I've noticed that the testing script relies heavily on matching specific output strings from DKMS, which seems to make it quite fragile and challenging to adapt when there are minor changes in the main program.

The problem you encountered is in strings outside the control of dkms: distribution specific errors (or not-errors) with (distribution specific) error messages from (distribution specific) commands called by dkms ...

A more robust approach might be to use specific exit status codes to represent different errors or error categories rather than relying on exact string comparisons.

I'm at least happy that dkms no longer exits with 0 in case of an error ... which was not always the case.
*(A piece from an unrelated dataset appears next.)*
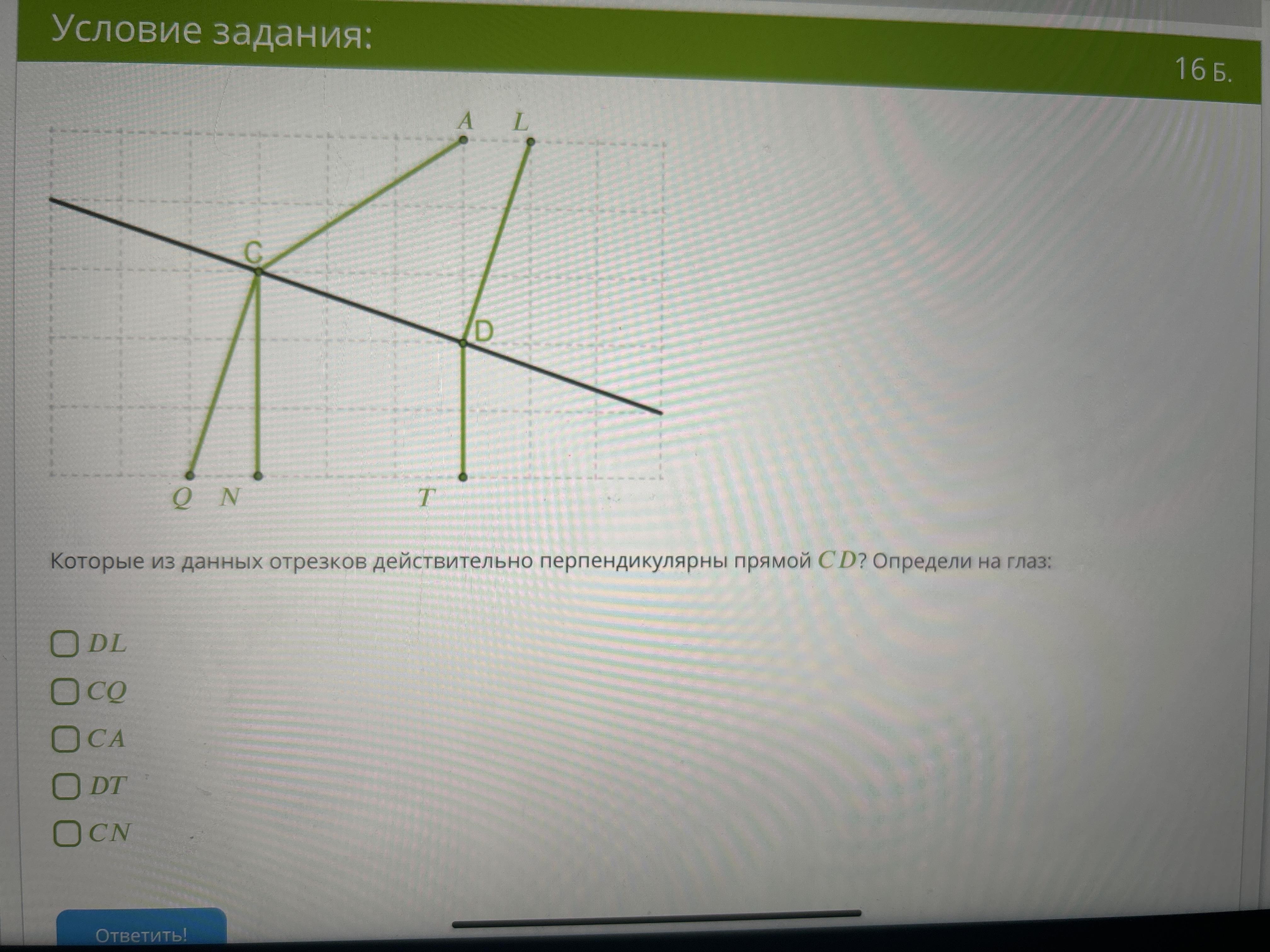 Которые из данных отрезков действительно перпендикулярны прямой СD?Опредили на глаз:

For cleanup of the error codes used see #463

Alternatively, leveraging regular expressions and grep to match expected DKMS output could make the tests more resilient and maintainable.

If we change strings within dkms the tests should immediately blow up and 'trivial' to fix. Ideally each string emittable is covered by a test ..

I also found the script somewhat opaque and difficult to modify. Despite making only a single-line change, I wasn't able to get all tests to pass, which suggests that the current approach might introduce unnecessary complexity. That said, I fully appreciate the effort that has gone into this testing framework. It's clear that it's designed to ensure a high-quality, battle-tested tool that works across various Linux distributions and configurations.

You are right, it's a non-trivial piece of code but so far the best we have. But it looks like we are reaching a scalability point soon - right now it takes about 20 minutes while it is still only testing a fraction of the functionality ... Parallelization won't be trivial since we cannot modify /lib/modules or /var/lib/dkms or run depmod in parallel

This is just a suggestion, and I completely understand if there are reasons for the current implementation that I’m not aware of. I’m not deeply involved in the project, so please feel free to disregard this if it doesn’t align with the overall goals. Just wanted to share some thoughts in case they might be helpful!

Trying to fix it ourself and providing feedback about the problems you encountered is very welcome and helpful!

And as a followup me trying to fix the test on the failing distributions made no notice and fix two more things:

• why do we need the distribution specifc error messages at all? We already checked that the module was built successfully, if it is going to disappear during later processing, just emit a warning and skip it
• zstd default behavior is slightly different from gzip/bzip2/xz (it does not delete the input file after compression) which made the error case very distribution specific

[KernelGhost]

@anbe42 I've rebased my branch on the upstream repository's master branch and resolved the conflict between my most recent commit and the changes you pushed to resolve the failing test. Additionally, I have squashed all my changes into a single commit and force-pushed the updated branch to keep the history clean.

[anbe42]

You lost the commit adding the new test, I'll cherry-pick that from the previous version.